**Task prompt**
Everything in the listing below should be repeated verbatim, apart from the pictures.

Supplied material START

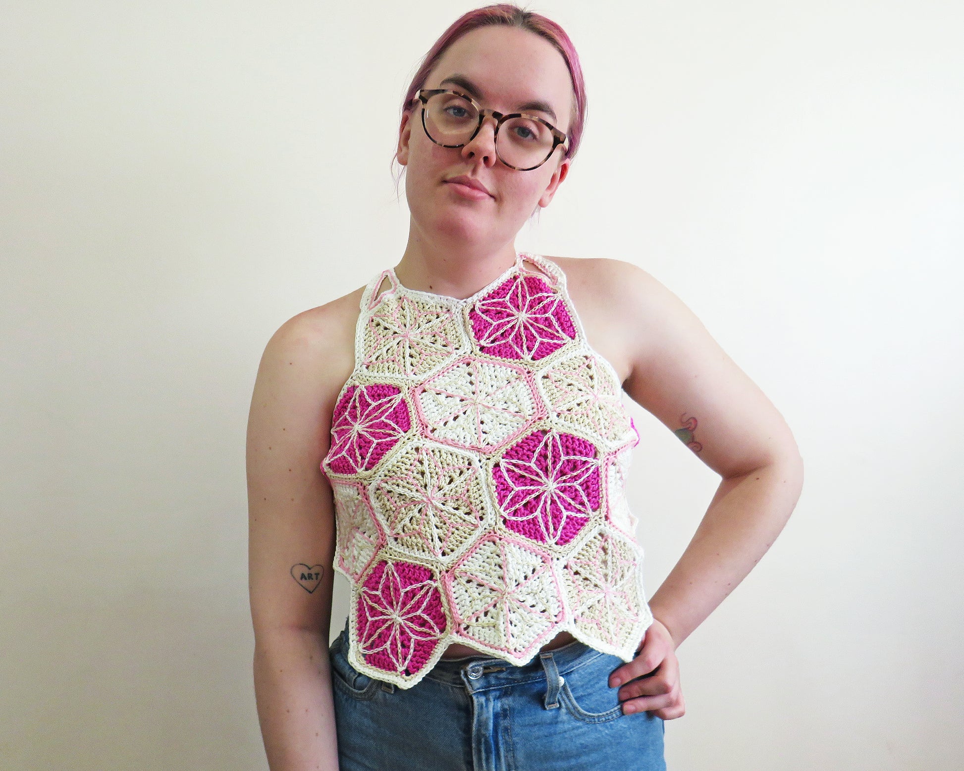 A unique crochet tie back top, inspired by the traditional Japanese asanoha (hemp leaf) print. This piece is made entirely from hexagonal granny squares, detailed with hand embroidery. This is my take on a pattern used for thousands of years.
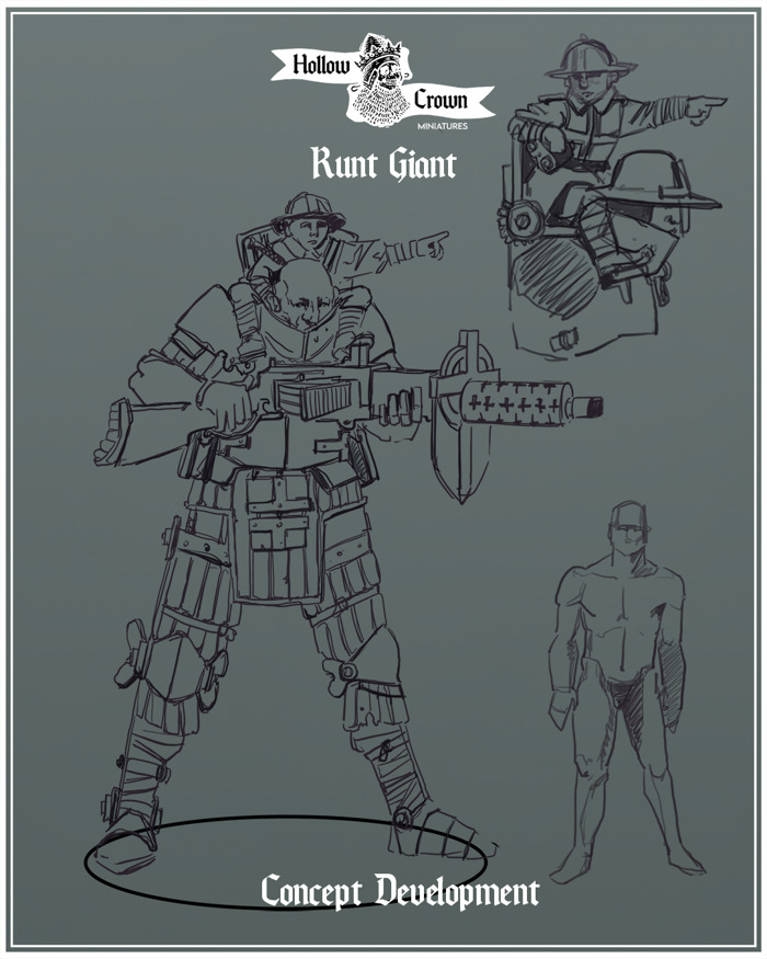 I’m not much of an illustrator, but scribbling out some more or less diagrammatic ideas has always been a practical way to communicate what I have in mind with regards to posing and loadouts, before getting too deep in modelling things out. We haven’t shown any of these, at least not yet, because they’re pretty much shorthand, and subject to change. While this means that it takes a little longer to show you what we’re cooking up, it also gives us, and me, the flexibility to change things up as we go along, adding or removing elements until we hit the right balance. That said, while there are some stretch goals, like the additional Field-Knights, where the parts of the set we’ve already completed give you a pretty solid idea of what further pieces would look like, we’re approaching a couple of stretch goals now that are a little more left-field, most notably the Runt-Giant. I’ve written a little blurb, call it ‚lore‘, or a design outline as you wish, here:
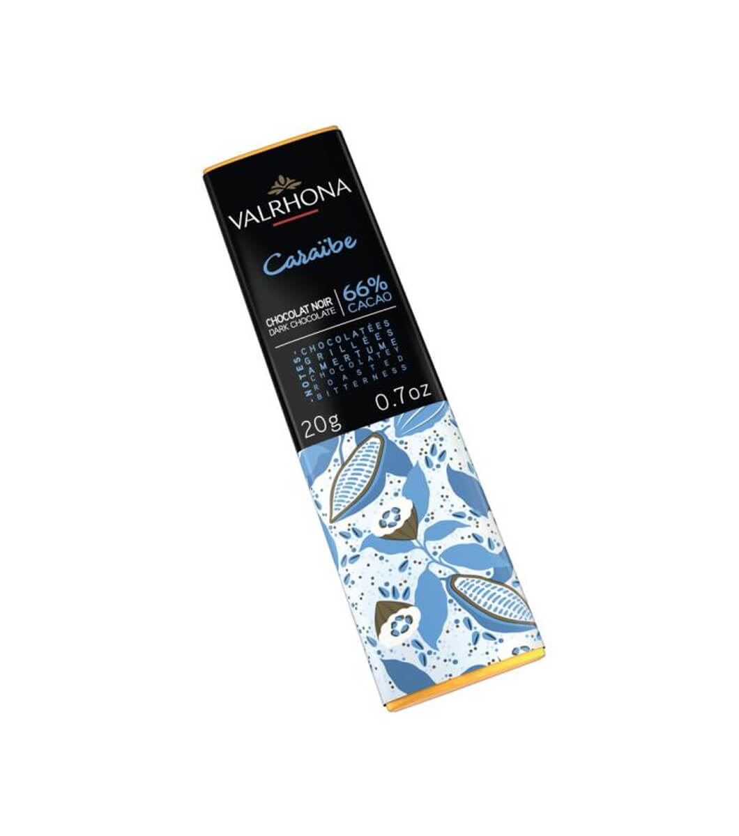 mini tablette caraïbe, chocolat noir valrhona 66%, caraïbe 66% valrhona, mini tablette valrhona, chocolat noir professionnel, chocolat pour hôtel café, bâton caraïbe 20g

Supplied material END

**Written solution**
 A unique crochet tie back top, inspired by the traditional Japanese asanoha (hemp leaf) print. This piece is made entirely from hexagonal granny squares, detailed with hand embroidery. This is my take on a pattern used for thousands of years.
 I’m not much of an illustrator, but scribbling out some more or less diagrammatic ideas has always been a practical way to communicate what I have in mind with regards to posing and loadouts, before getting too deep in modelling things out. We haven’t shown any of these, at least not yet, because they’re pretty much shorthand, and subject to change. While this means that it takes a little longer to show you what we’re cooking up, it also gives us, and me, the flexibility to change things up as we go along, adding or removing elements until we hit the right balance. That said, while there are some stretch goals, like the additional Field-Knights, where the parts of the set we’ve already completed give you a pretty solid idea of what further pieces would look like, we’re approaching a couple of stretch goals now that are a little more left-field, most notably the Runt-Giant. I’ve written a little blurb, call it ‚lore‘, or a design outline as you wish, here:
 mini tablette caraïbe, chocolat noir valrhona 66%, caraïbe 66% valrhona, mini tablette valrhona, chocolat noir professionnel, chocolat pour hôtel café, bâton caraïbe 20g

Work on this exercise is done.